Methodological Insights

Liu et al. employ a comprehensive methodology to assess the linguistic knowledge and transferability of cwr. They compare the performance of different layers within contextualizers across various probing tasks, such as part-of-speech tagging, syntactic dependency arc classification, and coreference arc prediction. These tasks span different aspects of linguistic knowledge, including syntax, semantics, and coreference.

The use of ELMo, OpenAI transformer, and BERT allows the authors to examine how differences in architecture and pretraining objectives affect performance. Their controlled experiments demonstrate the advantages of transformer-based models, especially for tasks requiring higher-level semantic information.

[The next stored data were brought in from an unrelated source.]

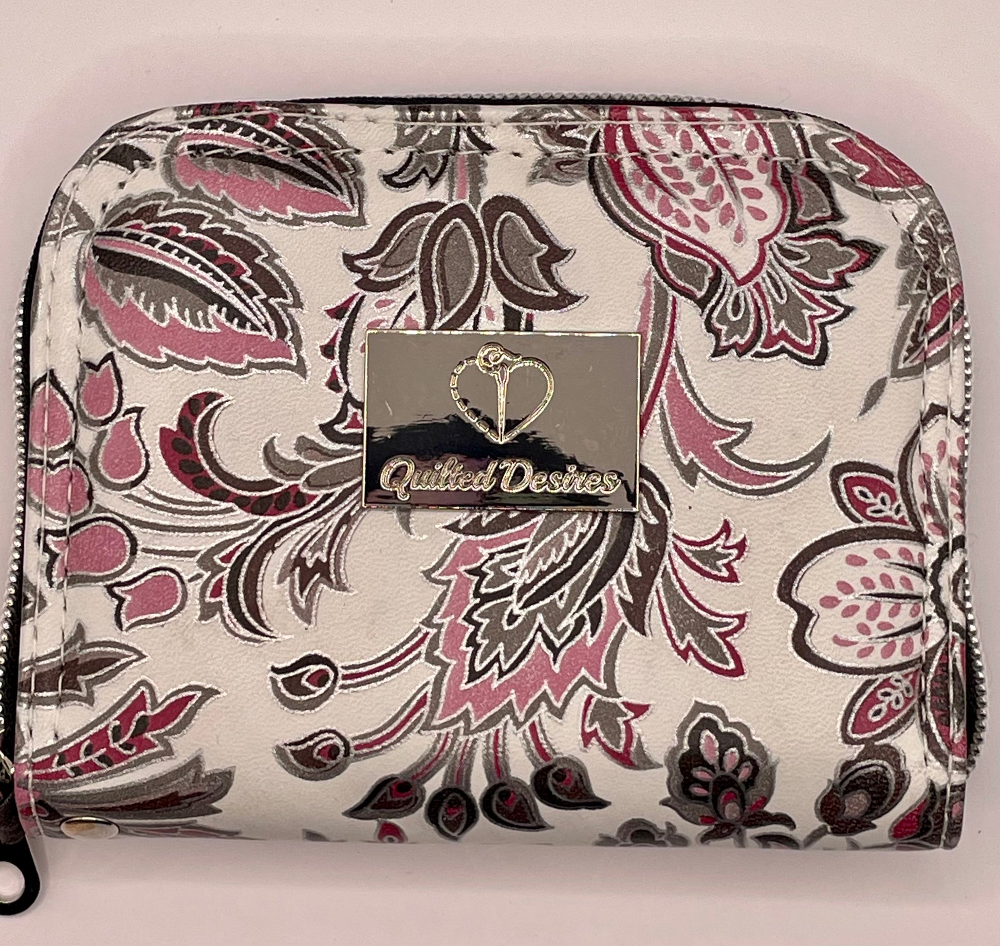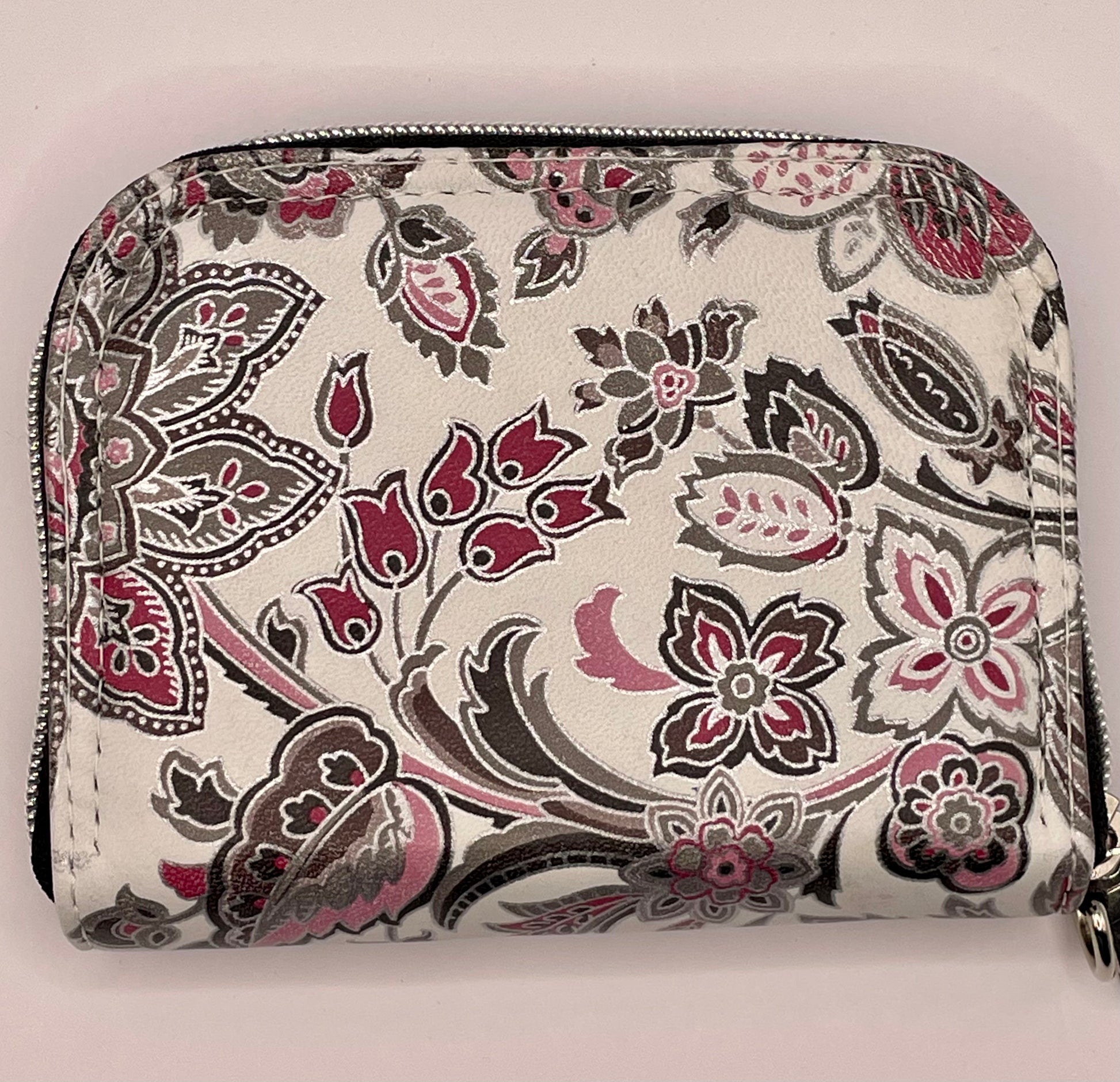 This wallet features 4 credit card slot pockets, 2 bill pockets, 2 open pocket areas for receipts as well as a full depth center zippered pouch.
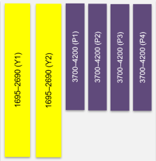 | Frequency bands, MHz | 1695-1880 | 1850-1990 | 1920-2280 | 2300-2690 |
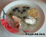 В тарелку накладываем по кругу: немного риса, мяска, кстати, в оригинале рецепт был без мяса, только на бульоне, но я готовила мужу на обед, а значит, надо было посытнее, маслинки. Заливаем всe это хозяйство бульоном и сверху выкладываем дольку лимона, любую зелень (у меня был только укроп) и ложечку сметаны. Подаем, не размешивая.
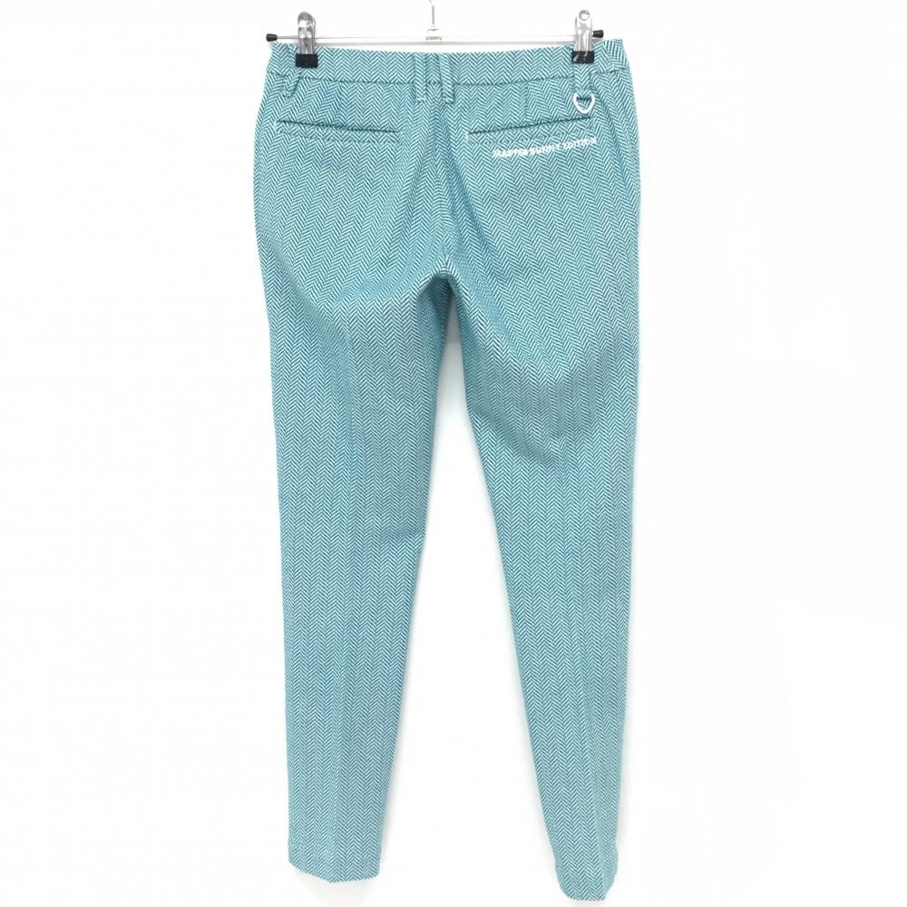 【美品】マスターバニー パンツ グリーン×白 ヘリンボーン柄 レディース 0(S) ゴルフウェア MASTER BUNNY EDITION

Practical and Theoretical Implications

The paper has both practical and theoretical implications:

  • Model Architecture Design: The findings suggest that hybrid approaches combining RNNs and transformers might leverage the strengths of both architectures. Moreover, understanding the trade-offs between generality and task-specificity in different layers can guide the design of better encoder architectures.
  • Pretraining Tasks: The results highlight the importance of pretraining on large corpora with appropriate self-supervised tasks like LLMing. Future research can explore more sophisticated pretraining tasks that might capture aspects of language not adequately addressed by current methods.
  • Probing Models: The superiority of probing models with additional task-specific contextualization suggests future directions for fine-tuning and adapting pretrained models to specific NLP tasks.

Future Directions

The paper opens several avenues for future research:

  • Robustness to Noise and Data Augmentation: Investigating the robustness of cwr to noisy input and the effectiveness of data augmentation methods could further enhance the transferability of these representations.
  • Multilingual and Cross-lingual Transfer: Exploring how cwr perform across different languages and the effectiveness of cross-lingual transfer can provide insights into the universality of linguistic features captured by these models.
  • Dynamic Entity Representations: Addressing the current limitations in capturing entity and coreference information, future work could integrate explicit entity representations to improve performance on tasks involving named entities and coreference resolution.

In conclusion, the paper by Liu et al. provides a thorough analysis of the capabilities and limitations of contemporary cwr, offering valuable insights for improving NLP models. By systematically evaluating various pretrained models across a diverse set of tasks, the paper contributes significantly to our understanding of how these representations capture and transfer linguistic knowledge.